Tara Schmidt, lead dietitian for the Mayo Clinic Diet, shares her thoughts on diet, diets and dietary advice

Transcript

JEREMY: Hello and welcome to another episode of Eat This Podcast with me, Jeremy Cherfas. One of the things I find deeply puzzling about the world of food is the sheer excess of advice on nutrition. For almost any given idea that some food or other is good, there's an excellent chance that you can find the exact opposite opinion in seconds. Butter will kill you. Seed oils will kill you. And it's as true for how you should eat as for what you should eat.

Fast for 16 hours a day, or eat six small meals a day. You know the kind of thing. It seems that anybody can say almost anything they like when it comes to diet, nutrition and advice. And that's despite the fact that in many places around the world, it's actually illegal to give nutritional advice if you're not officially qualified. That's why I welcomed the chance to talk to Tara Schmidt, a registered dietitian at the Mayo Clinic in Rochester,

Minnesota. She's the host of the Mayo Clinic's podcast On Nutrition. I took the opportunity to quiz Tara Schmidt about the long training she had to go through to become a registered dietitian -- bachelors, masters, internship, board exams. And I wondered how she felt about all that conflicting advice. TARA: Here's the analogy that I give. My husband is a financial advisor, so he has a degree in finance.

He's passed all the exams. He can legally give people advice and he can trade their stocks, etc. I have money in a bank account too. I know a little bit about stocks and bonds. I have some, but I have no right to give people advice on the stock market. So I think that that's what happens with food. People have knowledge. Everyone eats, everyone has an opinion. But there are some people who probably don't have the qualifications to give advice.

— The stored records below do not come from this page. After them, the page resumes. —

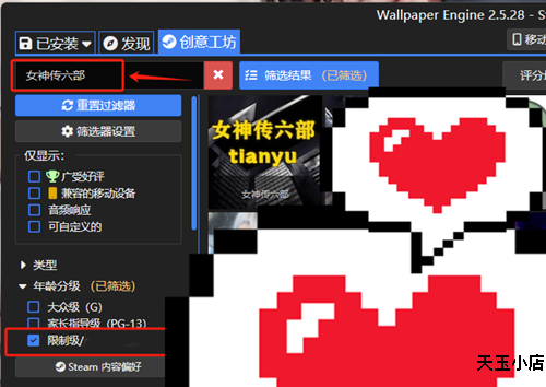 游戏视频可以wallpaper搜索:女神传六部 (需开启红框内选项)
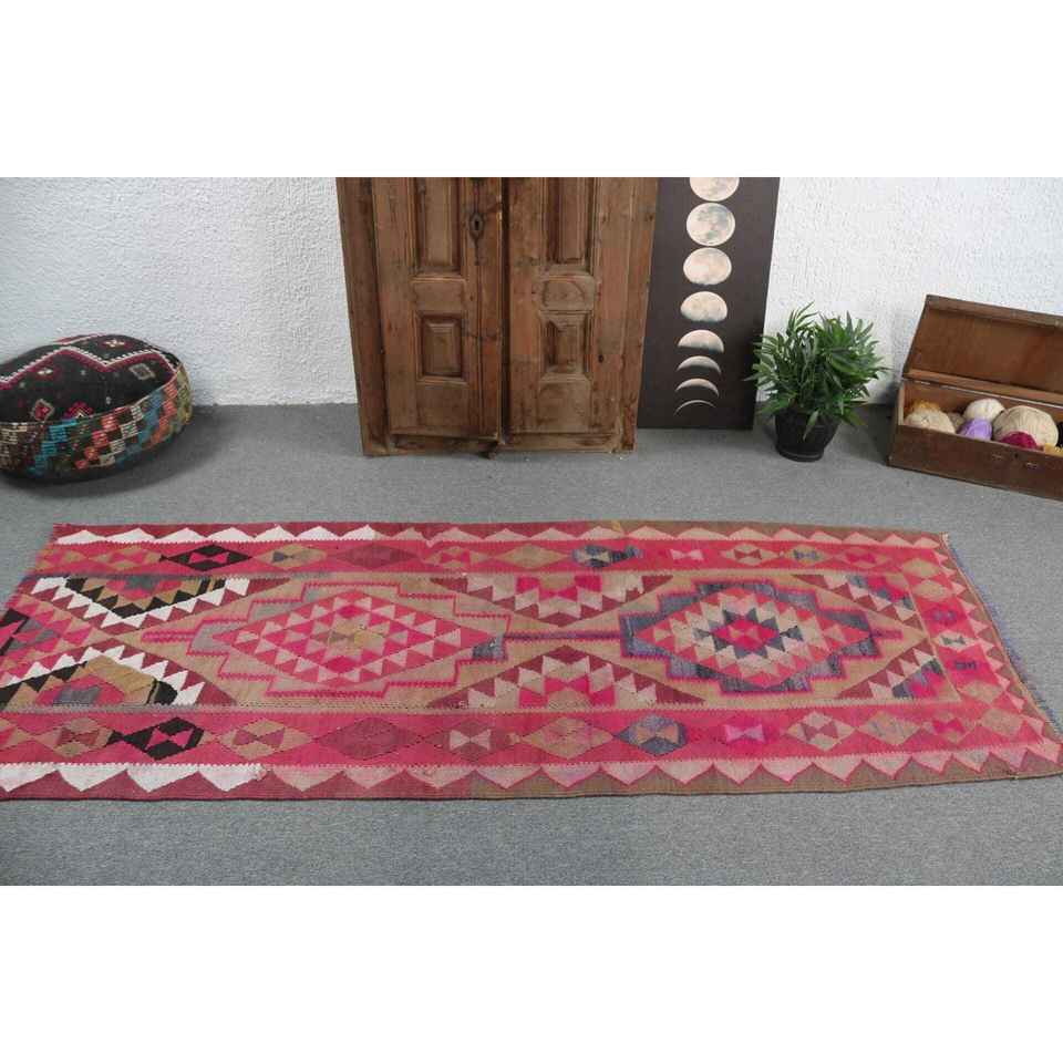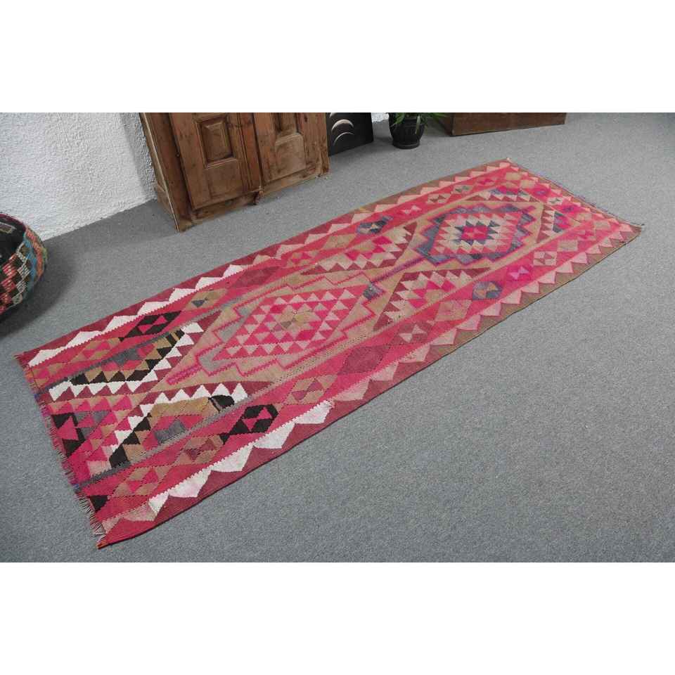 Alfombra Turca Vintage de 3x8.1 pies, Alfombra de Pasillo, Alfombra de Lana Roja Herki
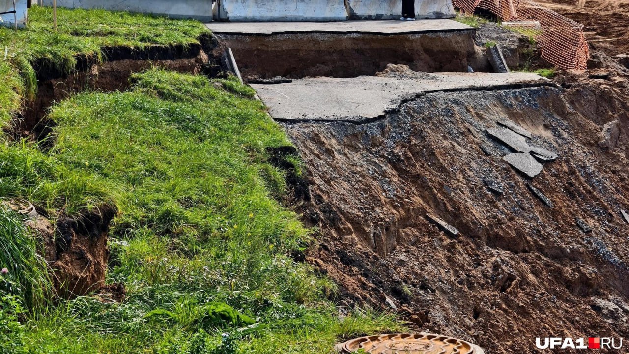 Обвал образовался рядом с 17-этажным домом №20 по улице Кусимова. Как рассказал глава Дёмского района Иван Иванов, грунт обвалился из-за выхода грунтовых вод.

In the state of Minnesota, it's actually illegal to call yourself a nutritionist unless you are a registered dietitian. And that's again, different by country and different by state. But the Academy of Nutrition and Dietetics, who's kind of our governing body or credentialing body in the states, they have tried to kind of hammer down on: people who are registered dieticians, are the ones who have the qualification, the education and the background to give advice.

JEREMY: But that doesn't stop people giving advice. TARA: Of course not. Of course not. Welcome to the world of the internet. JEREMY: Well, exactly. I mean, presumably you could you could live somewhere where there is no requirement for being registered or board certified or anything like that, and you can't stop people from somewhere else reading what you what you put out. TARA: Correct. JEREMY: Is that a problem for you?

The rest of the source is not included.